## Source information

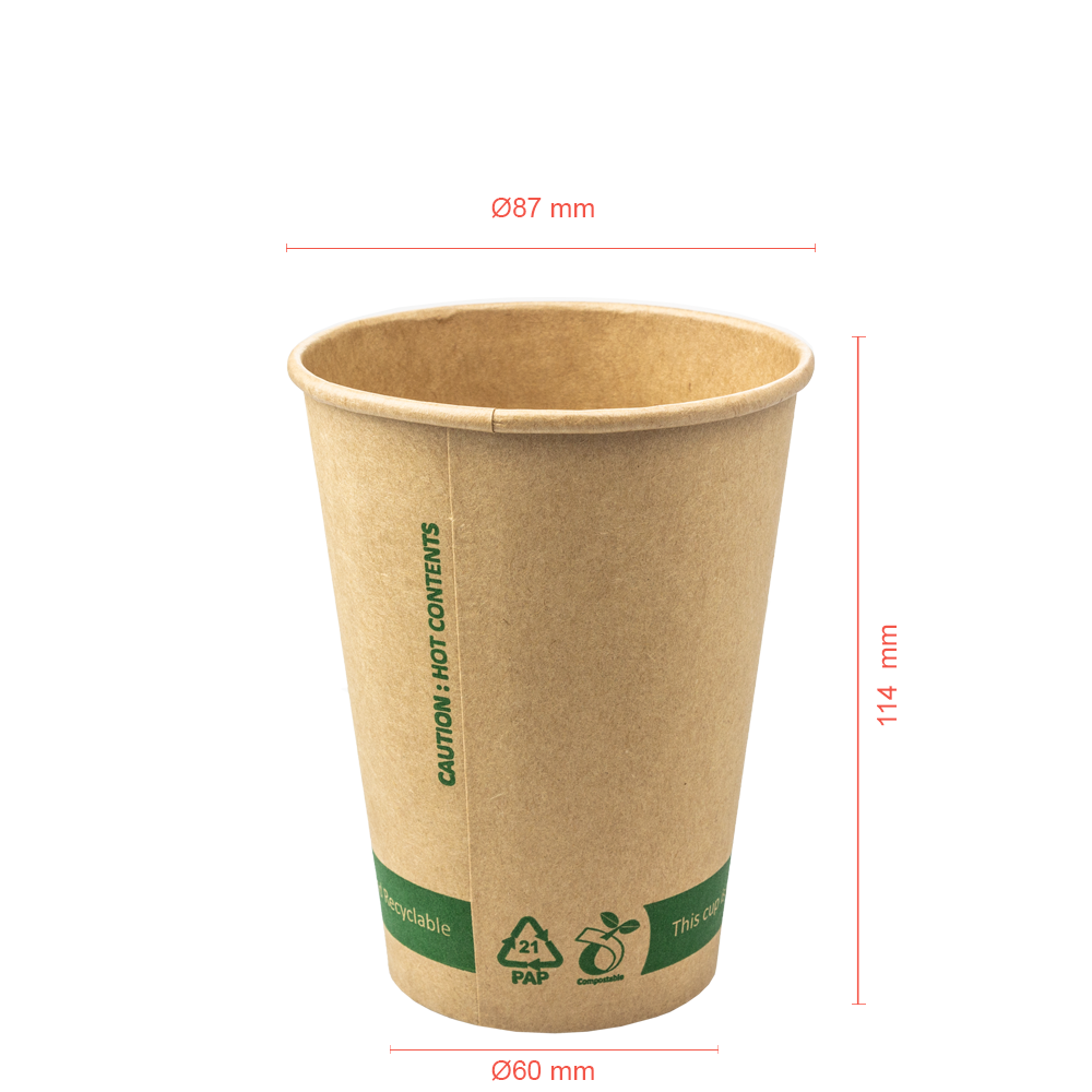 O papel/cartão kraft utilizado na produção deste copo distingue-se pela sua durabilidade e pela composição 100% biodegradável e reciclável. Dessa forma, cada utilização reflete um compromisso genuíno com a proteção do meio ambiente. A robustez do material evita deformações e vazamentos, garantindo que a bebida permaneça à temperatura ideal durante mais tempo. Vê mais copos descartáveis de papel kraft.
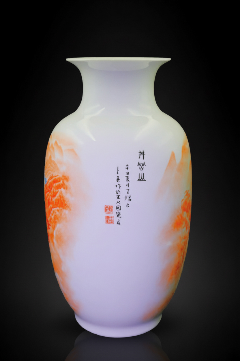 此瓶以“黄山四千仞”为题,描绘黄山奇峰峻岭的雄伟气势。山势层叠起伏,云雾缭绕,松柏挺立,展现自然之壮丽与生命之坚韧。色彩清雅、意境深远,诗情与画意交融,尽显王锡良深厚的艺术修养。
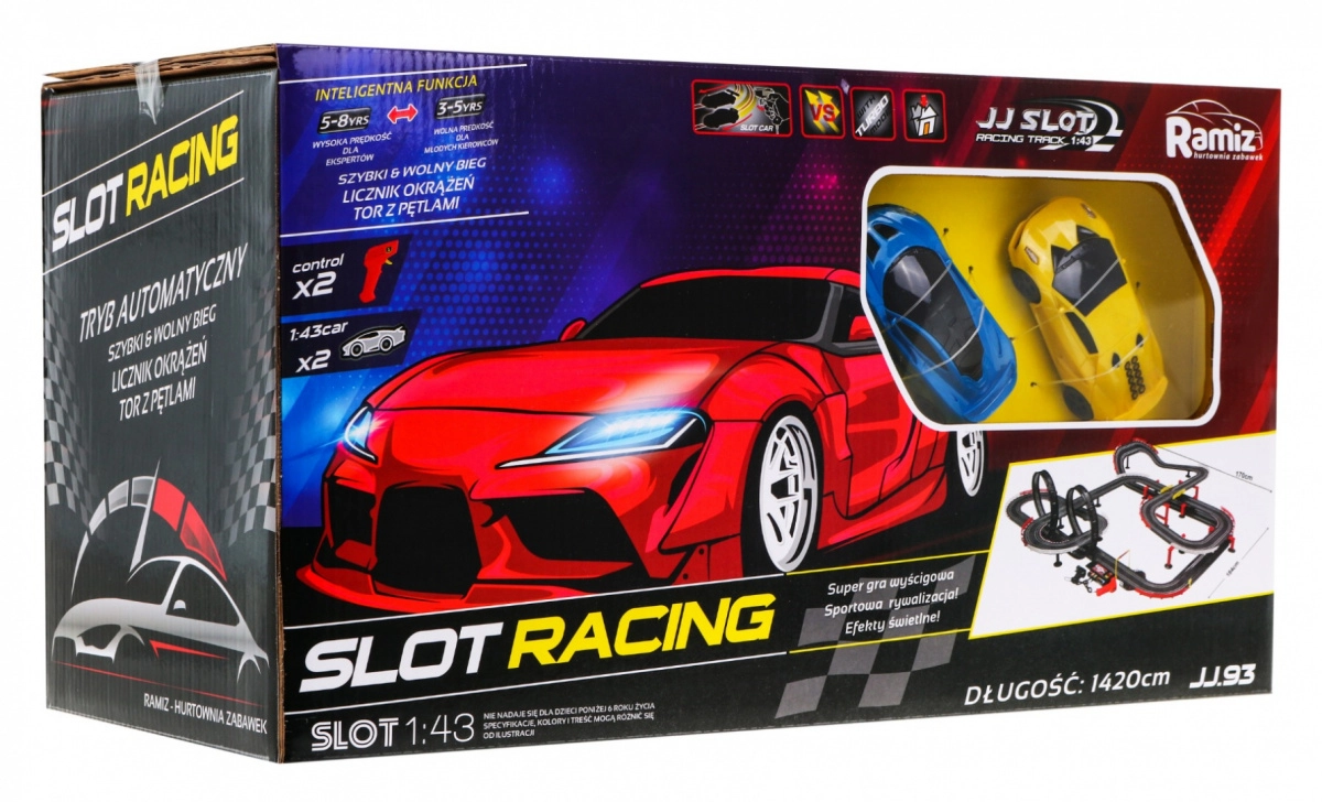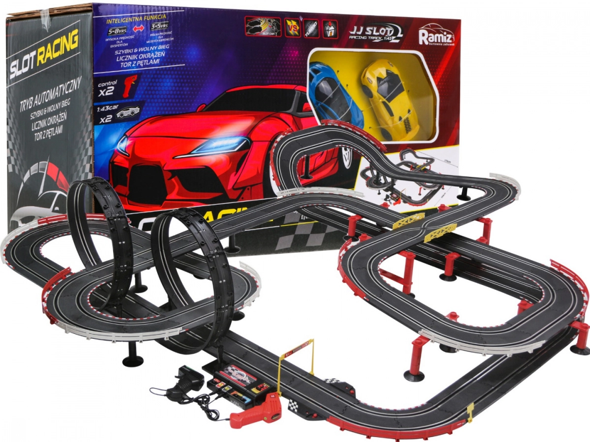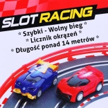Bauen Sie eine Strecke mit scharfen Kurven und Spiralen, die maximalen Nervenkitzel garantieren. 2 Rennwagen warten an der Startlinie. Kinder werden die lebendigen Farben und die sorgfältig ausgearbeiteten Details lieben.
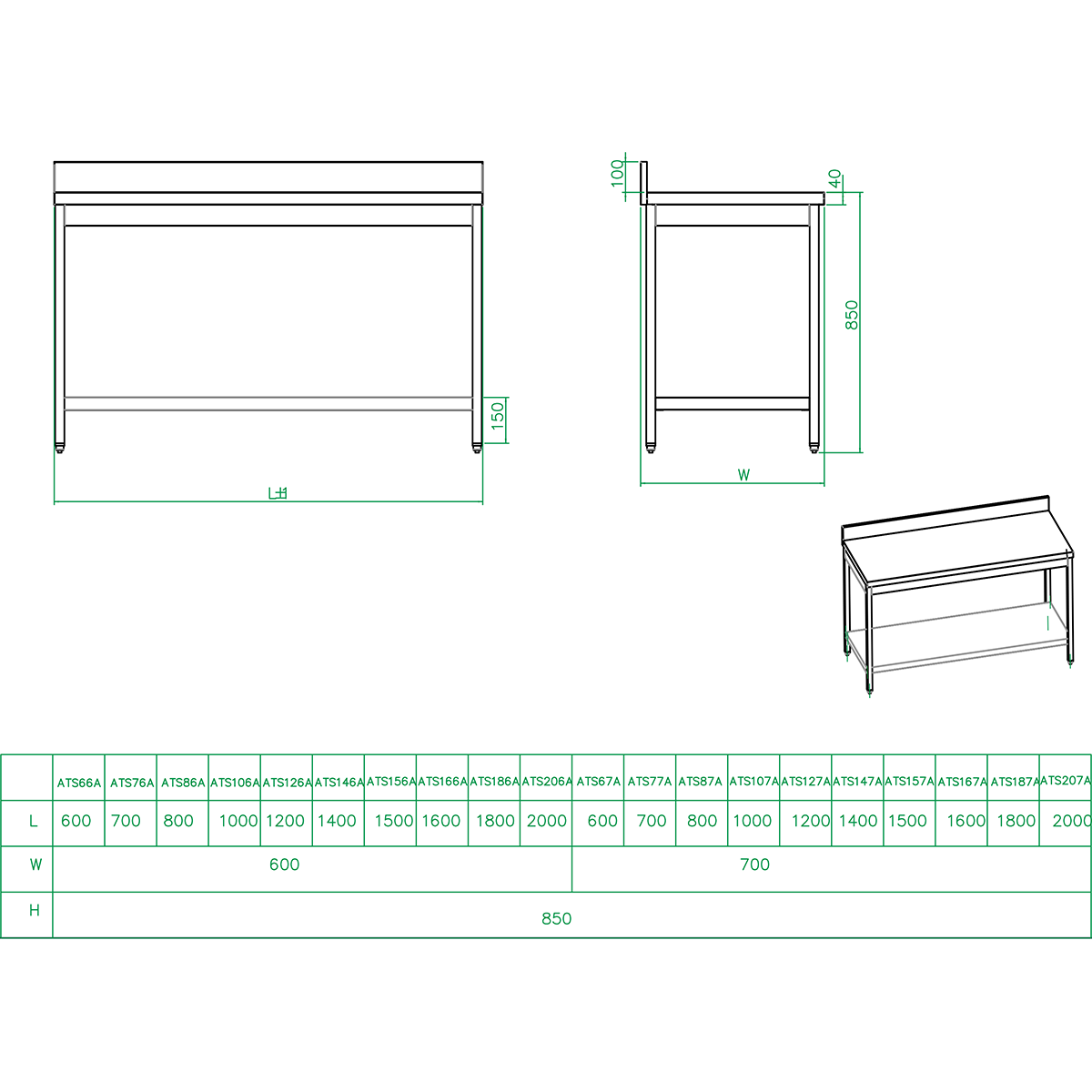 Original price was: 325,28 €.126,86 €Current price is: 126,86 €. (ei sis. KM) Šis ir izcils komerciālais darba galds ar augstu vērtību par naudu. Izturīgs, augstas kvalitātes 201 AISI nerūsējošā tērauda galds, kas atbilst ēdināšanas un sabiedriskā ēdināšanas nozares augstajiem kvalitātes standartiem. Kvadrātveida kājas, 40×40 mm no 201 AISI nerūsējošā tērauda un regulējamas kājas. Apakšējais panelis un uzliektas malas papildu aizsardzībai. Atbilst starptautiskajiem higiēnas un tīrīšanas standartiem. Izgatavots no nerūsējošā tērauda ar Scotch Brite apdari, lai atbilstu augstākajiem higiēnas standartiem. Pastiprināta darba virsma 60 mm darba virsma Darba virsma izgatavota no divsienu nerūsējošā tērauda. Pārnēsāšanas kapacitāte līdz 500 kg. Ļoti augsta nesēja kapacitāte. Detalizētu informāciju skatīt sadaļā “Specifikācija”. Ir noliktavā
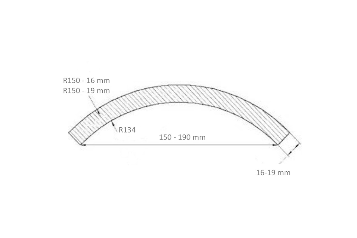 Радіусний МДФ фасад R150 зовнішній хорда 190 мм
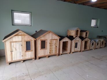 Taxta it evi - Material: təbii ağac (taxta panellər), möhkəm karkas. - Dam: ikitərəfli maili konstruksiya, şifer tipli/bitum örtüklə hava-su keçirməz qoruma. - Dizayn: klassik “evcik” forması;...
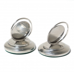 Высота: 4,5 см, диаметр основания: 4,3 см, максимальный диаметр держателя: 3,5 см. Общий вес с утяжелением: 92 грамма, серебро 925 пробы. ========================== Silver stands for price tags, business cards, menus, business cards, 2 pcs.
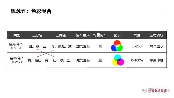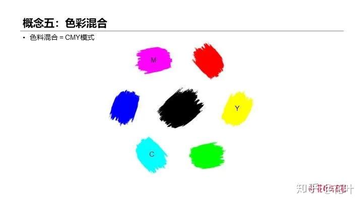 而对于 色料的混合 ,比说画画的颜料,它的 三原色是青、品红、黄 ,取英文首字母就是CMY。青色颜料+品红颜料得到蓝色,品红+黄色可以得到红色,黄色+青色可以得到绿色,三种原色等量混合得到黑色。
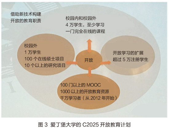 在专题讨论中,Coursera创新伙伴计划成员之一爱丁堡大学介绍了学校C2025开放教育计划(如图3所示),和RickLevin对于未来大学的畅想相呼应。除此之外,伊利诺伊大学(University of Illinoisat Urbana-Champaign)的3个在线硕士项目的成功实践以及俄罗斯高等经济研究大学已将其他高校MOOC(由学校指定)纳入本校选课体系,这些实践均在表明上述未来大学的新型功能已初见端倪。
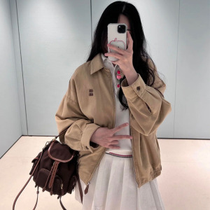 早秋新款M家学院风字母贴布刺绣百搭显瘦翻领夹克外套男女同款
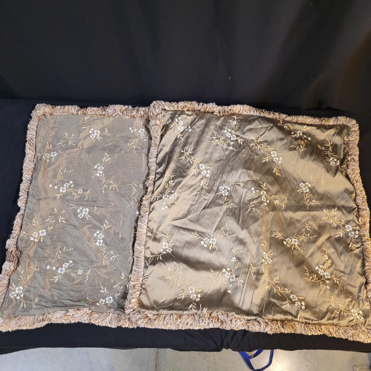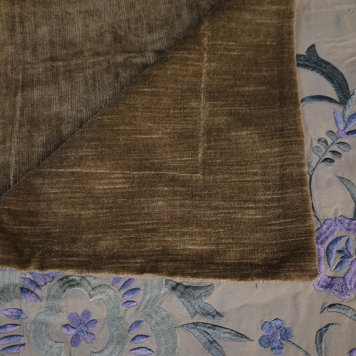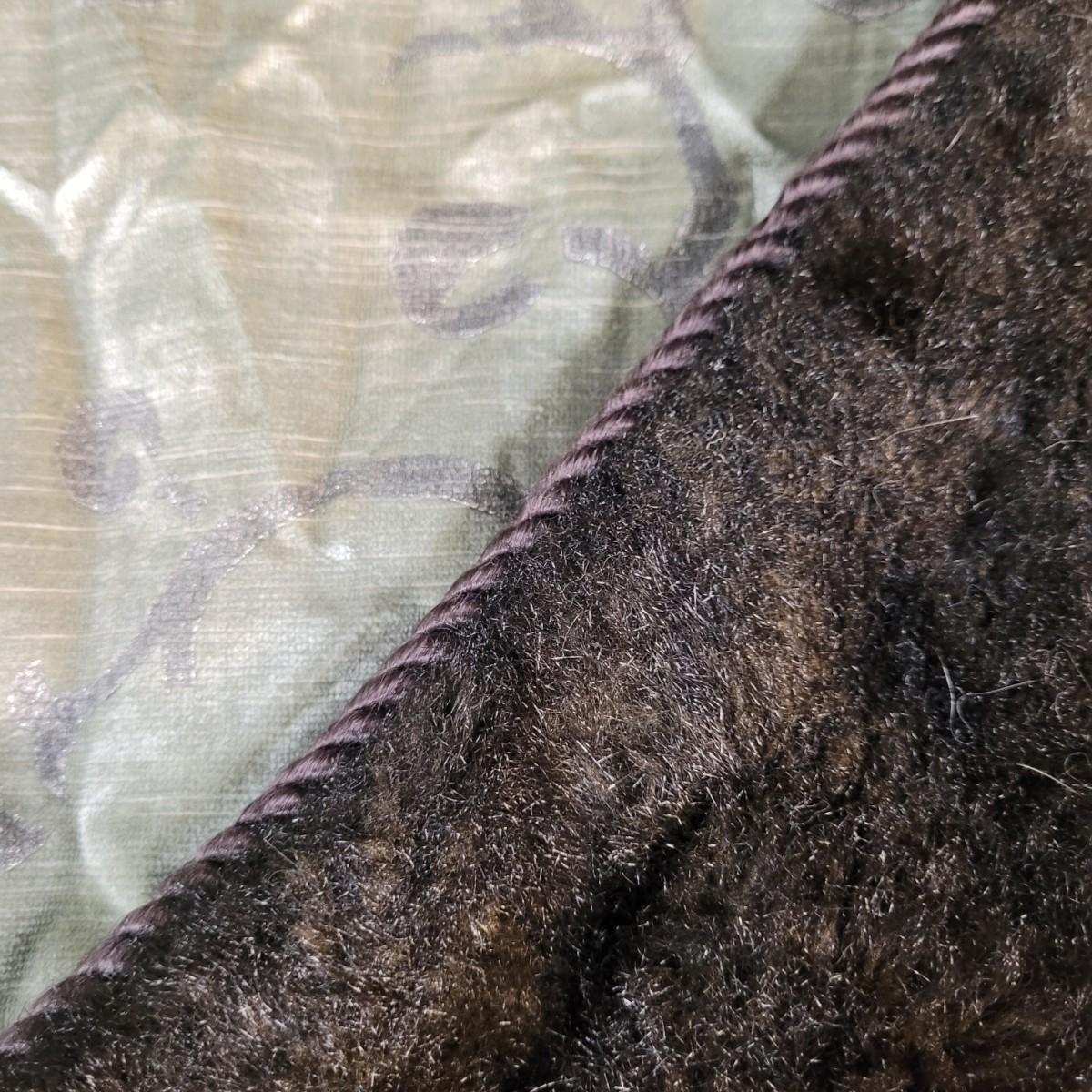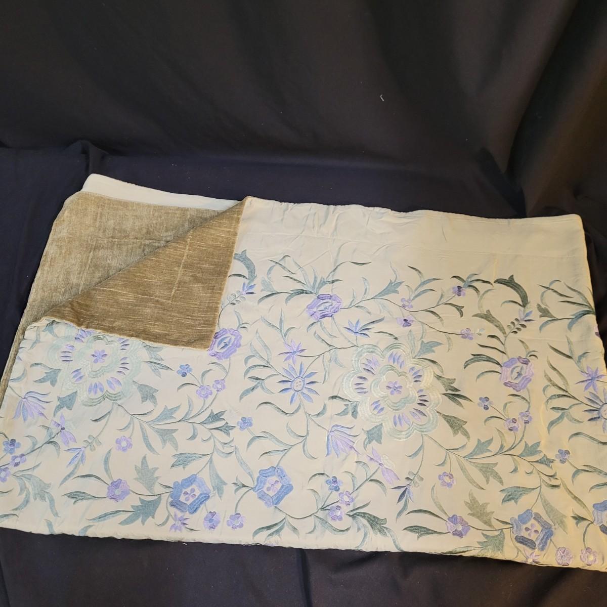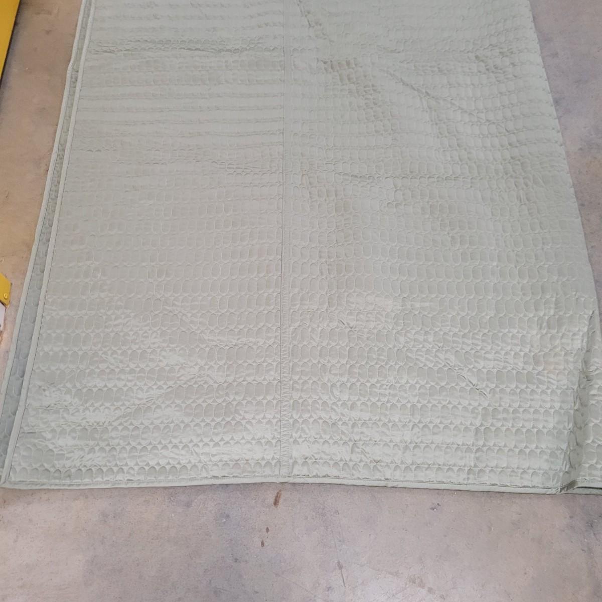 Queen bedding items include satin like sage green quilted blanket, two matching shams, and a taupe silk like bedskirt. Other items include two brown silk shams with embroidered flowers (measure approximately 28"square), heavy velvet sage green blanket with silver painted flowers and faux fur backing (measures approximately 68"L x52"W), sage green silk like blanket with embroidered flowers and olive green velvet backing (measures approximately 68"L x43"W). Zippers function. Shipping available.

## Action item
Nothing but the lines from the one containing "Taxta it evi" through the one containing "Высота: 4,5 см, диаметр" should appear, copied exactly from the material above and without pictures.

## Exercise result
 Taxta it evi - Material: təbii ağac (taxta panellər), möhkəm karkas. - Dam: ikitərəfli maili konstruksiya, şifer tipli/bitum örtüklə hava-su keçirməz qoruma. - Dizayn: klassik “evcik” forması;...
 Высота: 4,5 см, диаметр основания: 4,3 см, максимальный диаметр держателя: 3,5 см. Общий вес с утяжелением: 92 грамма, серебро 925 пробы. ========================== Silver stands for price tags, business cards, menus, business cards, 2 pcs.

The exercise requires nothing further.